Most of teamLab’s work can only be seen at ticketed exhibitions, but Crystal Forest Square, which is under construction in Shenzhen and is set to launch soon, is a teamLab exhibit anyone can interact with free of charge. Located next to the major Binhe Avenue and part of the C FutureCity development close to Shenzhen Bay, it will consist of numerous crystal pillars illuminated by tiny points of light that change as people approach them or interact with them using their phones, and which appear to form a single, three dimensional object.



Outside Japan, Singapore is the city where teamLab is busiest, with the giant indoor-outdoor #futuretogether show, at Gardens by the Bay until March 2020, joined by exhibitions at the Jewel Changi Airport entertainment complex, the Marina Bay Sands casino, the National Museum of Singapore and the Ikkan Art Gallery and Miaja Gallery. Outdoor works at #futuretogether include Autonomous Resonating Life on the Water and Resonating Trees, a collection of giant eggs floating on a lake and trees surrounding it that change the colours and sounds they emit as people and animals interact with them; while those indoors include Animals of Flowers, Symbiotic Lives, featuring projections of animals made up of flower petals that scatter when touched.

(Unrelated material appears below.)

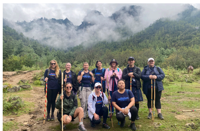
All set for a hike to Tiger's Nest

On September 29 th , 2023, as the Australian delegation bid farewell to their buddies at SCE, emotions ran high. Tears of sadness mingled with smiles of gratitude, filling the air as the exchange students and professors prepared to return home. SCE buddies shared tears and offered heartfelt prayers for the safe journey and bright future of their departing friends. The emotional farewell carried a sense of hope, with both parties eager to reunite for

Dissolving borders has long been a staple of teamLab shows – between art and science, between nature and artifice, and between the artworks themselves and the people viewing them. Permanent exhibition “TeamLab Borderless Shanghai”, which opened its doors in November 2019, takes this to its logical conclusion, dissolving every boundary possible, including those among the different works.

An export of the Borderless concept that also has a permanent home in Tokyo, where it debuted in 2018, the museum is a fully immersive smorgasbord of exhibits that interact with visitors and each other in a variety of unpredictable ways.



TeamLab Planets Tokyo

Running since 2018 until this coming autumn, TeamLab Planets Tokyo is based on the concept of Body Immersive, and as such it immerses its audience even further in the works, forcing them to walk around barefoot and at some points even splash through water. It’s divided into seven works, housed within four giant spaces, including Drawing on the Water Surface, in which participants’ motion through water creates and manipulates the images of fish and plants that appear on its surface; and the self-explanatory but equally damp Waterfall of Light Particles at the Top of an Incline.


Digitised Ritsurin Garden, Takamatsu, Kagawa

Again taking teamLab’s work outside the confines of a museum, this project transforms the popular traditional Japanese Ritsurin Garden in Takamatsu on Shikoku island, which dates back to the 16th century, into a light filled wonderland. Running until March 8, it follows a similar project at Shimogamo Shrine, a World Heritage Site in Kyoto. Featuring plenty of teamLab’s trademark light emitting spheres, floating on water, filling gardens and illuminating trees, it emphasises the human role in shaping nature to create the garden in the first place, and how its landscape evolves over time.